On Tue, 18 Mar 2003, Ian Stokes-Rees wrote:
> One of our worker nodes (tbgen01) has had close to zero load on it for the
> last 24 hours, however it has constantly had active jobs. Currently it is
> executing "globus-url-copy". I am wondering how many of these "active but
> doing nothing" jobs there are, and if there is any way to allow other PBS
> jobs to come in if these "inactive" type jobs are running.
Jobs getting stuck on i/o is a problem anyway on farms. Its just
happens more with edg farms since there is more to go wrong.
The job will eventually be killed by your max wall time but normally
I try and contact the person and then qdel their job if I am sure
it really is stuck.
Steve
>
> See the cyan line at http://pptb01.physics.ox.ac.uk/graphs/load.gif (not yet
> dynamically updated) for the load profile for the last several days.
>
> Oxford active jobs can be viewed at:
>
> http://tbce01.physics.ox.ac.uk/cgi-bin/lsh/qstat
>
> And the state of the Worker Nodes is summarised at:
>
> http://tbce01.physics.ox.ac.uk/cgi-bin/lsh/pbsnodes
>
> In other news, I am working on a script which can run from the command line
> or as a CGI which will return in text, XML, HTML, and "single field mode"
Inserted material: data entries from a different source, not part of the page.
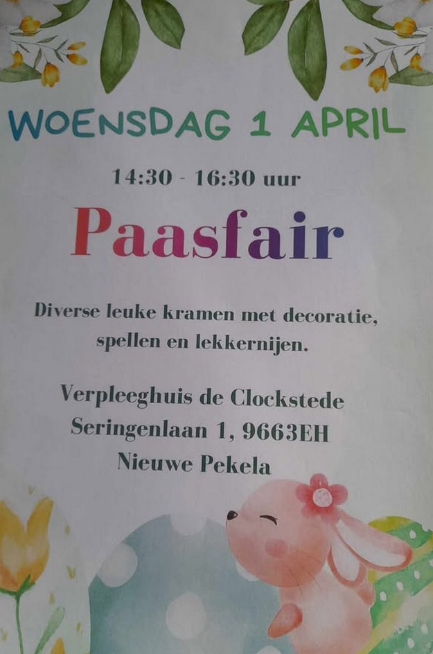 NIEUWE PEKELA - In verpleeghuis De Clockstede wordt op woensdag 1 april een gezellige Paasfair georganiseerd. Bezoekers zijn van harte welkom tussen 14.30 en 16.30 uur om de fair te bezoeken.
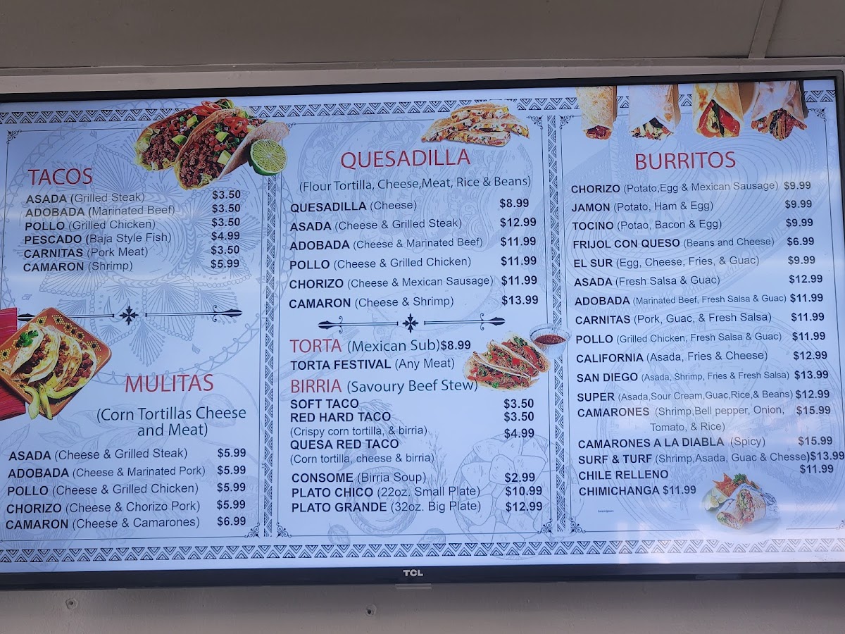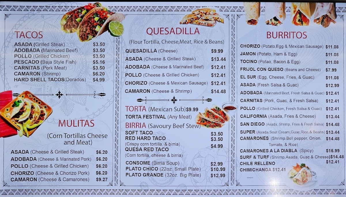 Moving into shared bites, the Chicken Nachos, Carnitas Fries, and Super Nachos layered with cheese, guacamole, and sour cream are built for indulgence. The taco selection shines with specialties such as the Taco Gobernador, Shrimp Taco, and Taco Suave Pollo, alongside the crispy Roll Tacos Beef (5). Seafood lovers will appreciate the range of caldos, including the robust Caldo 7 Mares and Caldo de Camaron, as well as whole fish preparations like the Mojarra a la Diabla and Huachinango Frito.
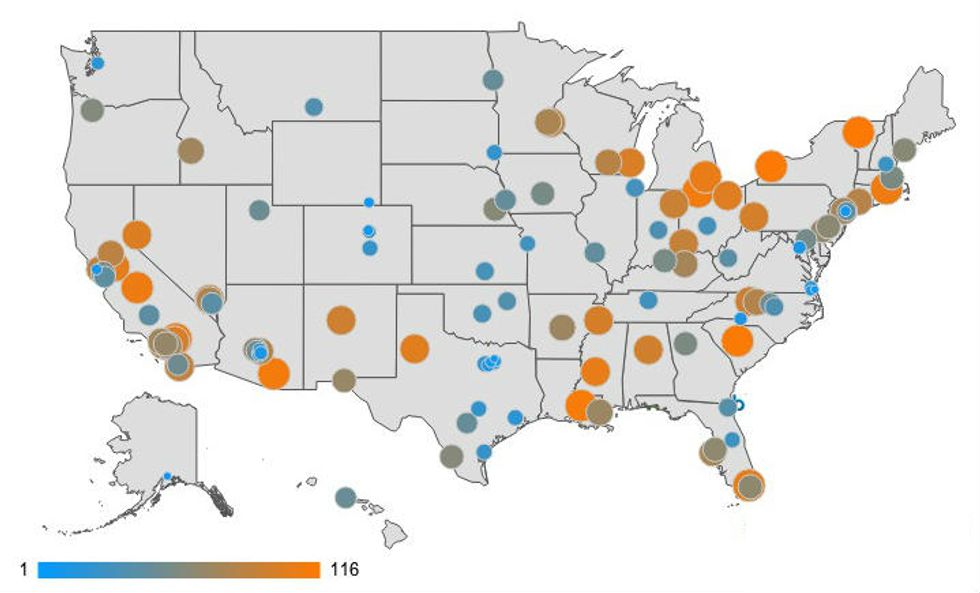 The survey also revealed changes in labor participation rates by cities in every state from 2007-2013. The below map is a color-coded time lapse of those data:
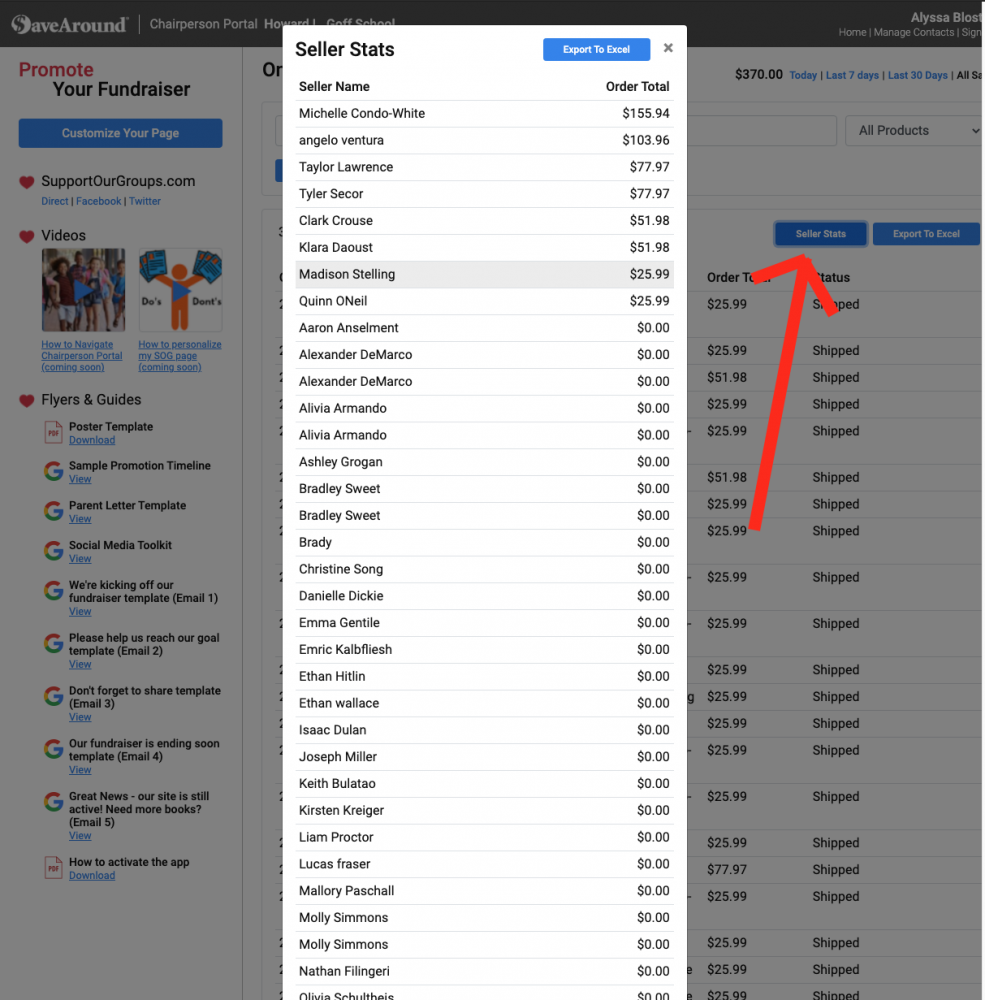 How can you tell if students are registering as sellers and how are they doing in the sale? If you visit the chairperson portal and click the blue button that says “Seller Stats” that will provide you with a list of everyone who has registered and how much they have sold to date. This can be very helpful in knowing if a group needs an “extra push” or some help along the way.  This is also a good benchmark to talk to the sponsor to help them encourage and motivate their students to finish strong.
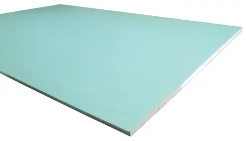 Placă din gips-carton, tip DFH2, grosime 12,5 mm, muchie PRO (SR EN 520 + A1:2010), cu miezul din ipsos special tratat și 2% conținut de fibră de sticlă și înveliș din carton verde, greu combustibilă (clasa de reacție la foc A2-s1,d0), pentru rezistență la foc și umiditate.
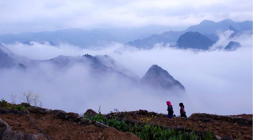 Và sương mờ giăng giăng che đỉnh núi.
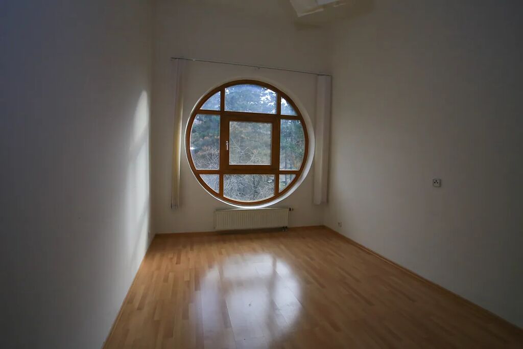 Na podlahách je položena plovoucí podlaha, okna jsou kvalitní dřevěná a ložnici zdobí designové kulaté okno, které dodává prostoru výjimečný charakter.

> different status indicators. The current state of this can be seen at:
>
> http://tbce01.physics.ox.ac.uk/cgi-bin/lsh/
>
> Simply add one of the commands to the end of the URL and append options
> after that to see what it does. I _believe_ it is quite safe, given the
> filtering I do on all input parameters, and the mapping of a command name to
> an executable via a hash table. I'd be happy for any feedback. I'm hoping
> to come up with something which ties this in with RRDtool and Nagios for
> Grid site monitoring -- Yes, I know, Yet Another Grid Monitoring Project...
>
> Ian.
>
> --
> Ian Stokes-Rees [log in to unmask]
> Particle Physics, Oxford http://www-pnp.physics.ox.ac.uk/~stokes/
>
--
Steve Traylen
[log in to unmask]
http://www.gridpp.ac.uk/
|